• _Exercise data_:
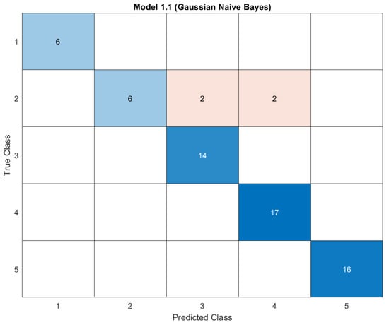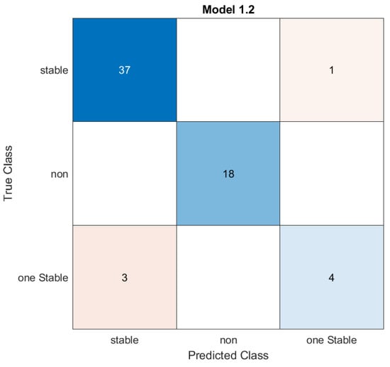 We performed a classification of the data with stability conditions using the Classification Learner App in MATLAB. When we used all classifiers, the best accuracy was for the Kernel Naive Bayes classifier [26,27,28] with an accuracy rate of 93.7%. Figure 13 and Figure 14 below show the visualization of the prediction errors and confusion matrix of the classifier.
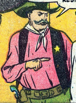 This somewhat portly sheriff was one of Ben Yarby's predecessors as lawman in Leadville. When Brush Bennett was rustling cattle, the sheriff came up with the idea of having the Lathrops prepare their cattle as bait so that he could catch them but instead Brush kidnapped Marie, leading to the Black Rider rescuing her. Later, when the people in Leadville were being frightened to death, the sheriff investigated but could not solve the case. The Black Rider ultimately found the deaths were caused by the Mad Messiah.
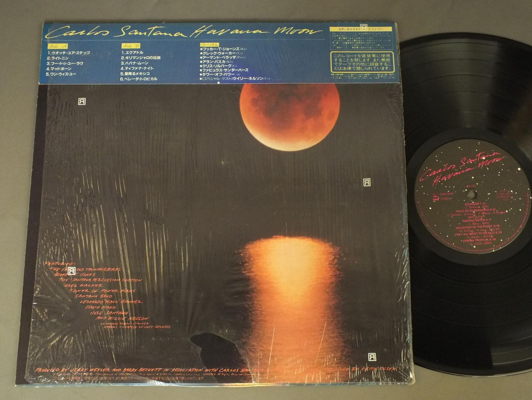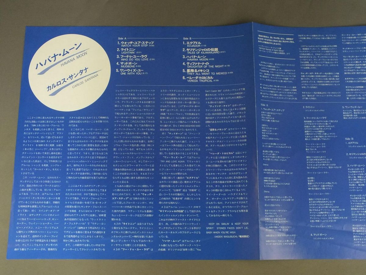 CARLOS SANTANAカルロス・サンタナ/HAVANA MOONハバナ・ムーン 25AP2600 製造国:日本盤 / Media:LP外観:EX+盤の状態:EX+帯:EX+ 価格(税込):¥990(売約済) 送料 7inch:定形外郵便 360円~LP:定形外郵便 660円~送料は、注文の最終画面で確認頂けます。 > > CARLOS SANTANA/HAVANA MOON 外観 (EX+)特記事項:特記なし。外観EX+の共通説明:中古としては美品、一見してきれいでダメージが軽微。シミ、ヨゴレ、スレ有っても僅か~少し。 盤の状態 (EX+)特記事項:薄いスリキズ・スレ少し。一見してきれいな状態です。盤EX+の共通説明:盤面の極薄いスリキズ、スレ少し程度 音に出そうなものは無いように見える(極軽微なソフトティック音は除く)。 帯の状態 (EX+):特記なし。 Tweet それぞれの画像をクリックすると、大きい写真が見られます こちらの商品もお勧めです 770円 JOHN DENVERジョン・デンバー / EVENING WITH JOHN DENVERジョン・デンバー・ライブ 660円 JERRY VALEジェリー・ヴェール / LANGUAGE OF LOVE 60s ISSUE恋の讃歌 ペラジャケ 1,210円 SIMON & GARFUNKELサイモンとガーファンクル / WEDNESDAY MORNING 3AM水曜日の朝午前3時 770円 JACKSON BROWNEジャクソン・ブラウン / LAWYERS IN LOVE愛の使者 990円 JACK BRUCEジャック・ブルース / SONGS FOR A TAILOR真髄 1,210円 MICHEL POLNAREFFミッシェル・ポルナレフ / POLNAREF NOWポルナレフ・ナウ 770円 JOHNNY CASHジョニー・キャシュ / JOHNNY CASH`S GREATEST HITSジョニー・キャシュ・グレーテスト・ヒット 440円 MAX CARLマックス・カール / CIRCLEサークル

==

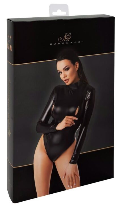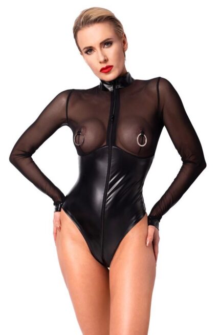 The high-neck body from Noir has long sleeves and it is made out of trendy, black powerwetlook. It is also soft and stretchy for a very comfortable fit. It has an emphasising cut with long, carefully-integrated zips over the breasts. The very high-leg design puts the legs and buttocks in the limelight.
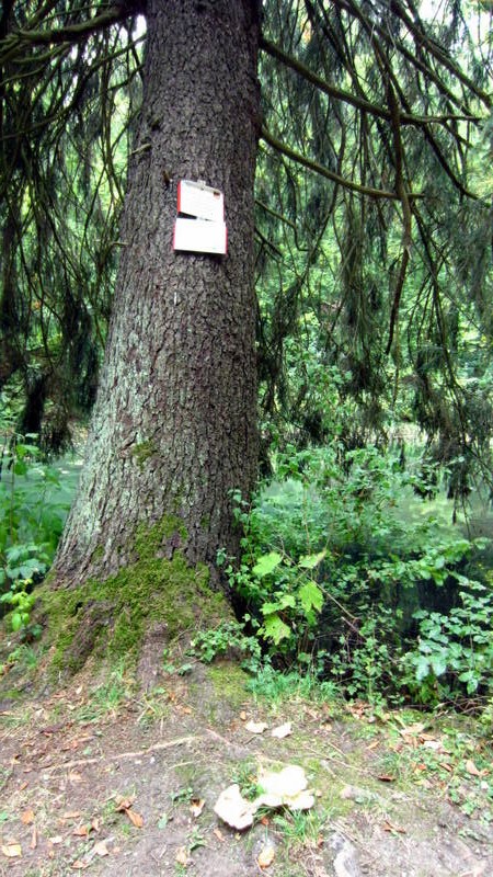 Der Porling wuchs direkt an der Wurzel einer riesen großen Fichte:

--

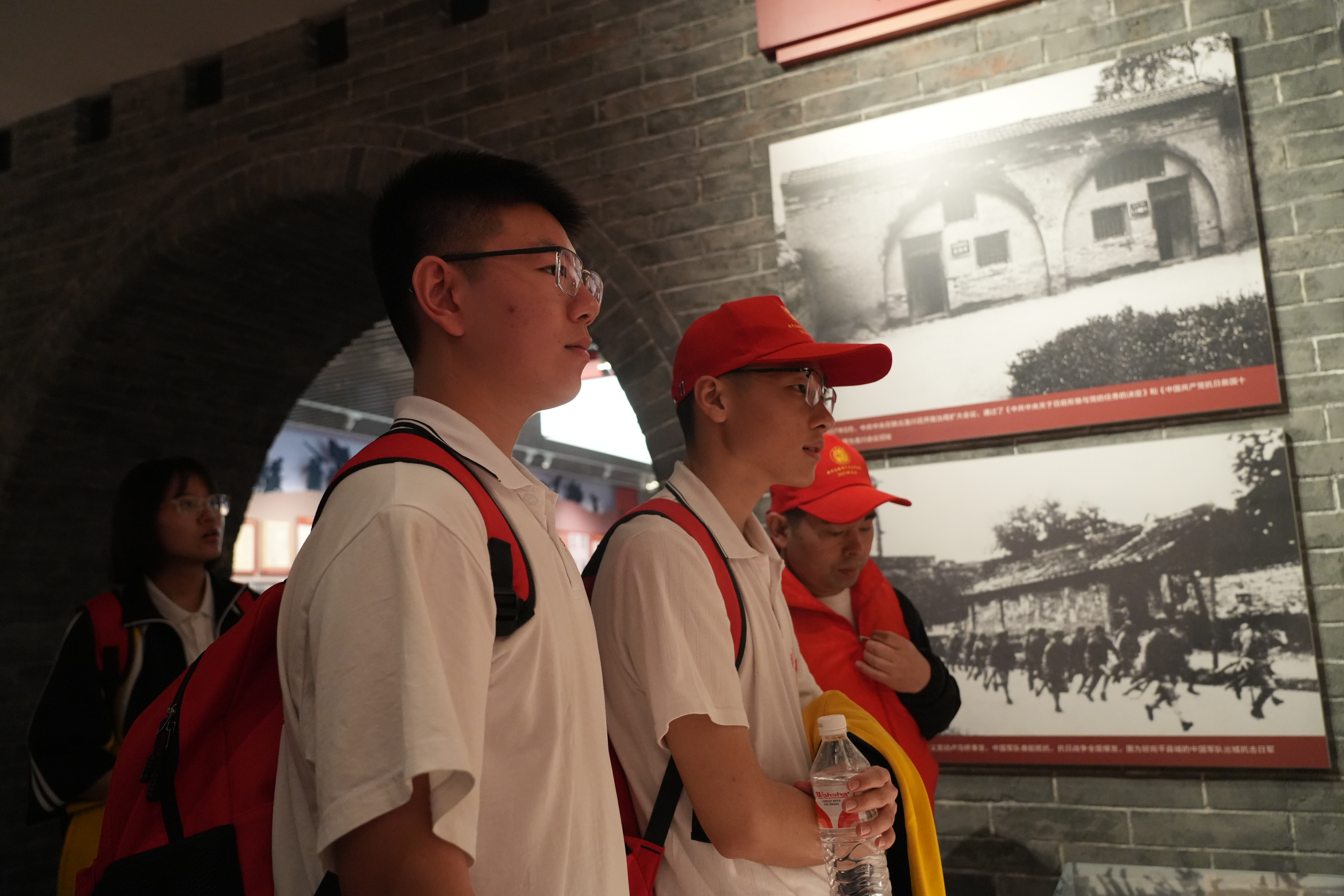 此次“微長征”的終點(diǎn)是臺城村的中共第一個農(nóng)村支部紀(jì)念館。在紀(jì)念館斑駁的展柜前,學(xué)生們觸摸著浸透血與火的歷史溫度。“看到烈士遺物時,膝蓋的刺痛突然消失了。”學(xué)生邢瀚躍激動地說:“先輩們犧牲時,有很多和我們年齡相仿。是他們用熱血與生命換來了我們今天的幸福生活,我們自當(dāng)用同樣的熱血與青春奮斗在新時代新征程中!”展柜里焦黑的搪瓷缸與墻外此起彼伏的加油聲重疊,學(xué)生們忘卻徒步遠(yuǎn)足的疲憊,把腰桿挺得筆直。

• _What you are asked to do_: Range to copy from the listing above: the line containing "We performed a" down to the line containing "CARLOS SANTANAカルロス・サンタナ/HAVANA MOONハバナ・ムーン", both included. Reproduce it exactly, minus the pictures, and add nothing.

• _Answer space_:
 We performed a classification of the data with stability conditions using the Classification Learner App in MATLAB. When we used all classifiers, the best accuracy was for the Kernel Naive Bayes classifier [26,27,28] with an accuracy rate of 93.7%. Figure 13 and Figure 14 below show the visualization of the prediction errors and confusion matrix of the classifier.
 This somewhat portly sheriff was one of Ben Yarby's predecessors as lawman in Leadville. When Brush Bennett was rustling cattle, the sheriff came up with the idea of having the Lathrops prepare their cattle as bait so that he could catch them but instead Brush kidnapped Marie, leading to the Black Rider rescuing her. Later, when the people in Leadville were being frightened to death, the sheriff investigated but could not solve the case. The Black Rider ultimately found the deaths were caused by the Mad Messiah.
 CARLOS SANTANAカルロス・サンタナ/HAVANA MOONハバナ・ムーン 25AP2600 製造国:日本盤 / Media:LP外観:EX+盤の状態:EX+帯:EX+ 価格(税込):¥990(売約済) 送料 7inch:定形外郵便 360円~LP:定形外郵便 660円~送料は、注文の最終画面で確認頂けます。 > > CARLOS SANTANA/HAVANA MOON 外観 (EX+)特記事項:特記なし。外観EX+の共通説明:中古としては美品、一見してきれいでダメージが軽微。シミ、ヨゴレ、スレ有っても僅か~少し。 盤の状態 (EX+)特記事項:薄いスリキズ・スレ少し。一見してきれいな状態です。盤EX+の共通説明:盤面の極薄いスリキズ、スレ少し程度 音に出そうなものは無いように見える(極軽微なソフトティック音は除く)。 帯の状態 (EX+):特記なし。 Tweet それぞれの画像をクリックすると、大きい写真が見られます こちらの商品もお勧めです 770円 JOHN DENVERジョン・デンバー / EVENING WITH JOHN DENVERジョン・デンバー・ライブ 660円 JERRY VALEジェリー・ヴェール / LANGUAGE OF LOVE 60s ISSUE恋の讃歌 ペラジャケ 1,210円 SIMON & GARFUNKELサイモンとガーファンクル / WEDNESDAY MORNING 3AM水曜日の朝午前3時 770円 JACKSON BROWNEジャクソン・ブラウン / LAWYERS IN LOVE愛の使者 990円 JACK BRUCEジャック・ブルース / SONGS FOR A TAILOR真髄 1,210円 MICHEL POLNAREFFミッシェル・ポルナレフ / POLNAREF NOWポルナレフ・ナウ 770円 JOHNNY CASHジョニー・キャシュ / JOHNNY CASH`S GREATEST HITSジョニー・キャシュ・グレーテスト・ヒット 440円 MAX CARLマックス・カール / CIRCLEサークル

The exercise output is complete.